Mike H,
Just a little bit of trivia, totally meaningless probably, but maybe helpful in some way. Texas is right on the dividing line between the "East" and the "West." This is true geographically and in other ways.
I don't know if they still do so, but the Ft. Worth promoters used to declare that their city was "out where the West begins." And they were correct, the 98th meridian being the official dividing line between East and West. The part of Texas (roughly speaking) east of that line is basically, as you refer to it, "ol' South" (always capitalized by southerners, BTW, who would also capitalize "southerners").
My wife, who was born and spent her first 21 or so years in the Houston area is from "the Old South." I, who was born and spent the first 32 years of my life some 300 or so miles west of Ft. worth, am a "westerner." In fact, I am now 56, and, though I have never lived east of the 98th meridian, I did spend eleven years as a "displaced person" in western Oklahoma. I now live as far west as you can get in Texas without moving into Mexico.
I ask your forgiveness for this indulgence, but actually, there is not one "Texas," but several, it is so vast and varied, both culturally and geographically. The folks in Austin (the legislature, etc.) hardly consider us out here a part of the state because we're so far west and there is so much barrenness between us.

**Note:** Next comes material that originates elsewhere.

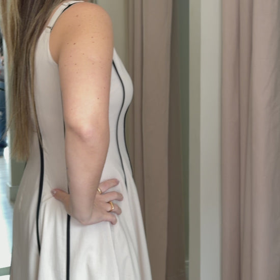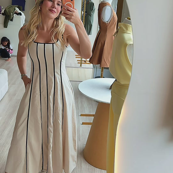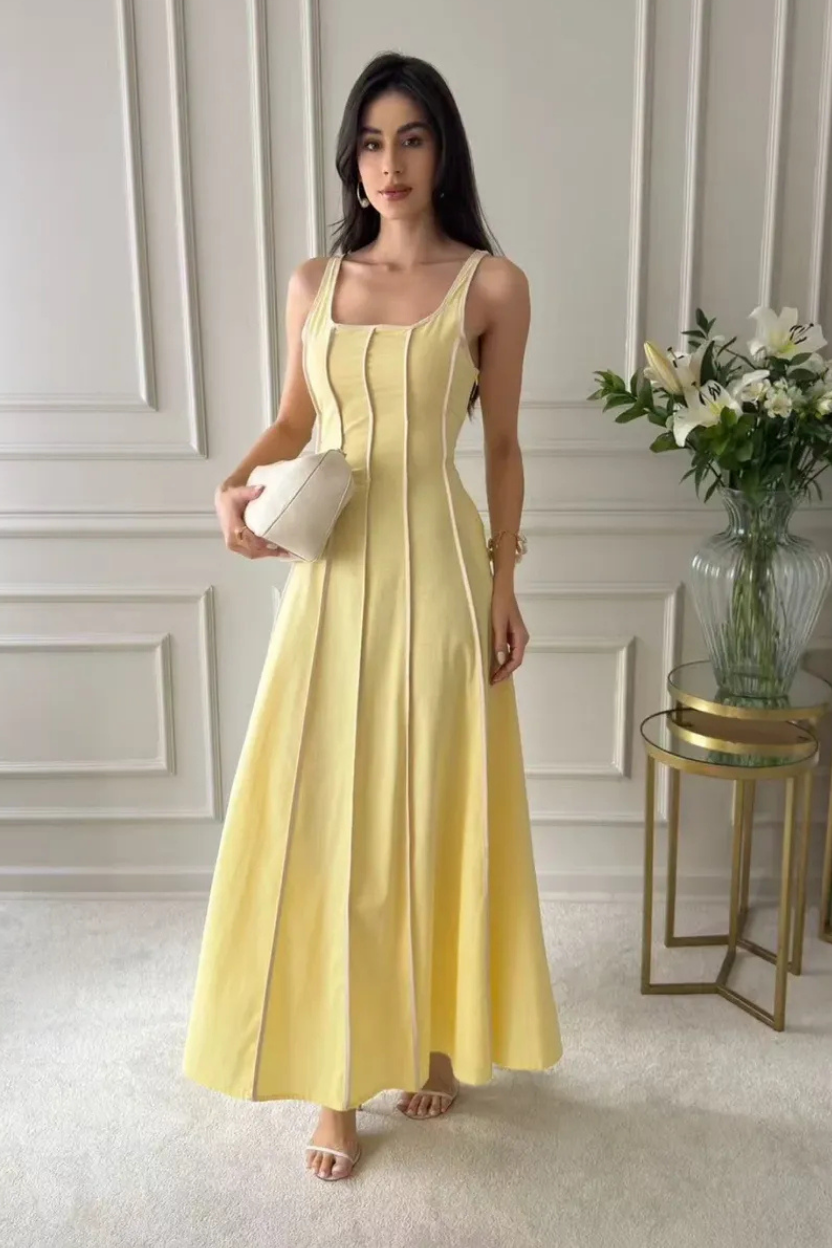 Confeccionado em tecido estruturado de toque leve, o modelo possui decote quadrado e alças médias, equilibrando feminilidade e refinamento. Seu caimento impecável o torna ideal para ocasiões especiais, jantares ou eventos elegantes.

This is such an important point to me because I am a former teacher of Texas history. I can't quite let it go, sorry. It seems that no matter how much there is to unite us, we always can find or manufacture more to divide us.
All of Texas historically has a heritage of keepin and using firearms, sometimes incorrectly and immorally. It is only fairly recently, historically, with urbanization, that the liberal mindset has come to the forefront, as is largely true elsewhere as I see it.
[This message has been edited by Rod WMG (edited September 16, 1999).]